Evaluating Weavability in Flax Yarn Using near Infrared Spectroscopy

The manufacture of linen fabrics depends on maintaining quality whilst maximising weaving efficiency. Problems often arise due to loom stoppages which are brought about by breaks in the warp yarns. For years researchers have attempted to bring about a full understanding of the mechanisms responsible. It is clear that weavability in flax yarn is primarily affected by chemical composition and structure, this is turn is affected by various steps in the production chain. In the search for objective methods for assessing flax yarn properties, instrumental techniques such as derivative thermogravimetric analysis (DTG), tensile testing and regularity have been developed. This investigation describes an attempt to construct relationships between these instrumental parameters taken from a range of flax yarns and near infrared (NIR) spectroscopy using partial least squares (PLS) regression analyses.
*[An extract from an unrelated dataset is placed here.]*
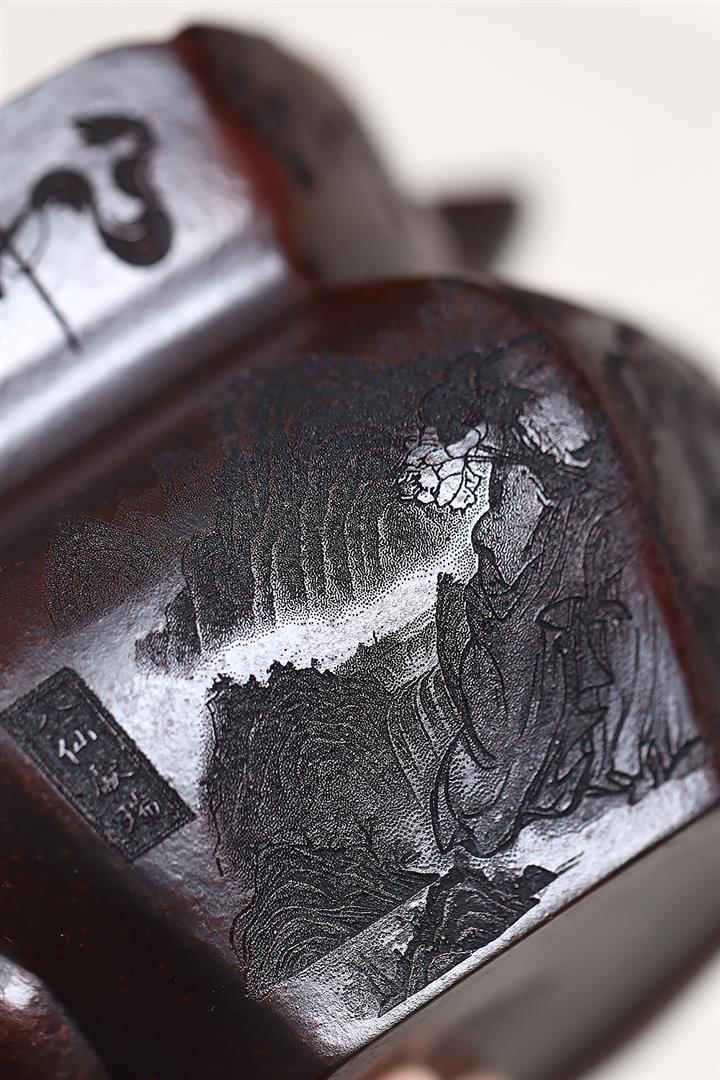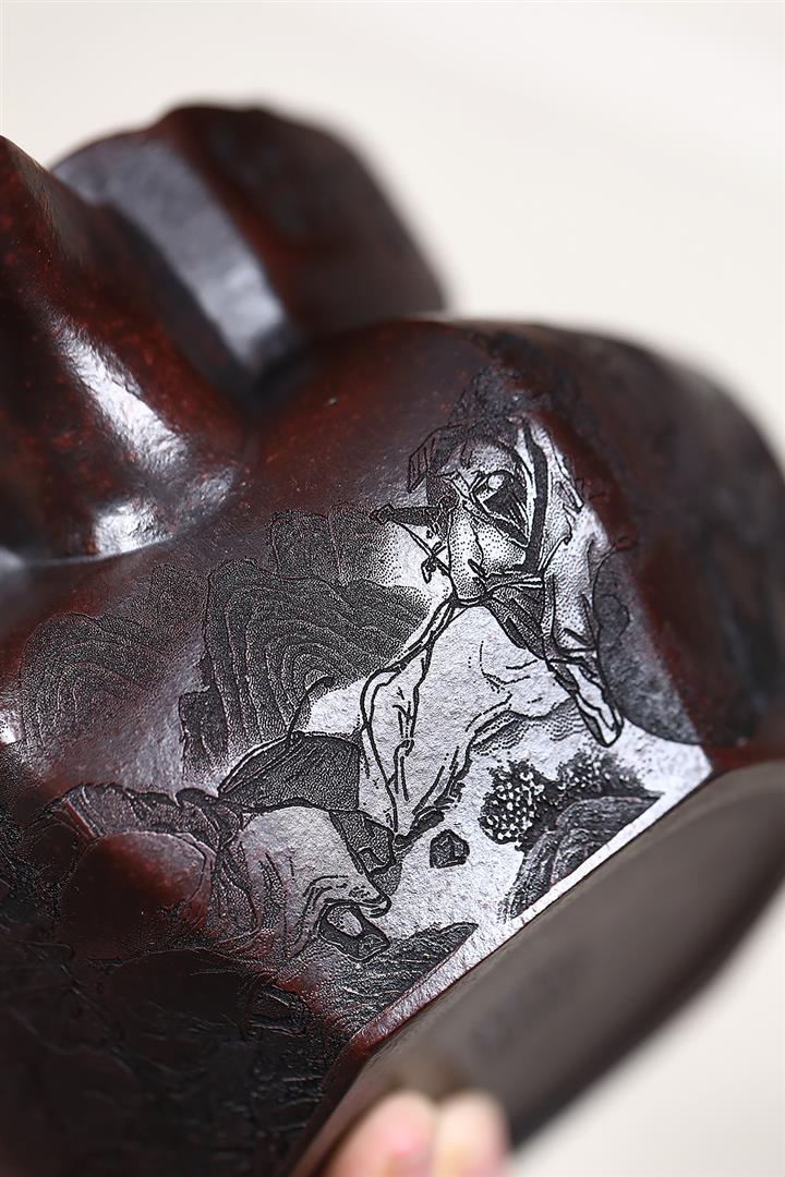 原礦玄鐵石黃刻繪覓香苑曲壺POT7592

Calibrations with DTG peak 1 weight loss (r² 0.83), regularity of thin and thick spots (r² 0.82, 0.81), nep counts (r² 0.82) and weaving breaks (r² 0.79) have all been produced. Using these relationships prediction equations for evaluating DTG peak 1 and 2 weight loss, regularity of thin spots on yarn and weaving performance (breaks per 10,000 picks) have been developed. These equations were validated using a blind set of flax yarn.